Torsion theories are very good examples of this principal. For instance the notion of localization with respect to a homology theory in the homotopy category of spectra or more generally the approximating triangles coming from the acyclization and localization functors of a semi-orthogonal decomposition of a triangulated category. Another nice example along these lines is say the standard t-structure on the derived category of modules over some ring. Here we again have two pairs of adjoints and we can think of one as a right approximation by a bounded below complex coming from the unit and the other as a left approximation by a bounded above complex via the counit.

One can also view resolutions in the derived category in this way. For instance we have a right adjoint to the canonical map from K(InjR)→D(R) for a ring R where the first category is the homotopy category of complexes of injective R-modules which is taking K-injective resolutions. Similarly other sorts of resolutions, envelopes, and covers can be realised by adjunctions.

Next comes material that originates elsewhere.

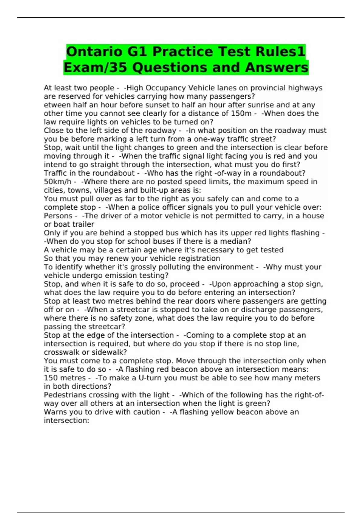 Ontario G1 Practice Test Rules1 Exam/35 Questions and Answers

All of these examples are particularly nice in the sense that we get triangles or short exact sequences describing the object we start with in terms of our complementary approximations (by complementary I mean that there is orthogonality floating around in all of these examples so we have in some sense decomposed our category).

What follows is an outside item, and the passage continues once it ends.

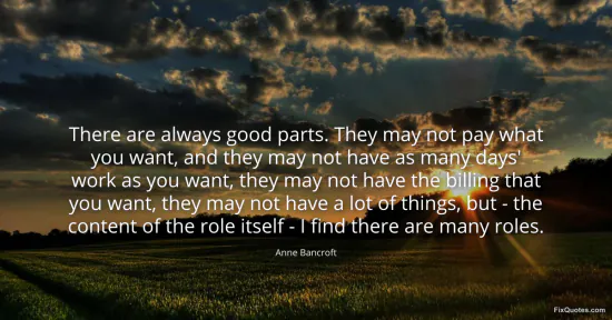 Bancroft, Anne. (2026, January 16). There are always good parts. They may not pay what you want, and they may not have as many days' work as you want, they may not have the billing that you want, they may not have a lot of things, but - the content of the role itself - I find there are many roles. FixQuotes. https://fixquotes.com/quotes/there-are-always-good-parts-they-may-not-pay-what-108526/

I think things like the adjoint functor theorem and Brown reprensentability become very reasonable from this point of view. One can loosely interpret them as saying provided things are "small enough" to be manageable and one has enough limits/colimits then one can build universal approximations (i.e. adjunctions) by taking coarse approximations and refining them.

I think this philosophy works well with the one given on the wiki page that Andrew Critch linked to.

Style can be a conscious choice

To end, I'll note that I've come across a lot of books on drawing which advise that you shouldn't force a style for yourself; it will come gradually as you learn. That may be partly true, because drawing is a physical activity and entails learning neuromuscular habits.

But style is also about choosing a medium and a graphic language to use with it. Any graphic language will make some things easy to represent and others hard. The hard things can be compensated for by using pictorial techniques. There are trade-offs for each style, and these can be consciously compared. So to that extent, one need not let style happen. One can choose it, analysing the choice as a problem in optimisation.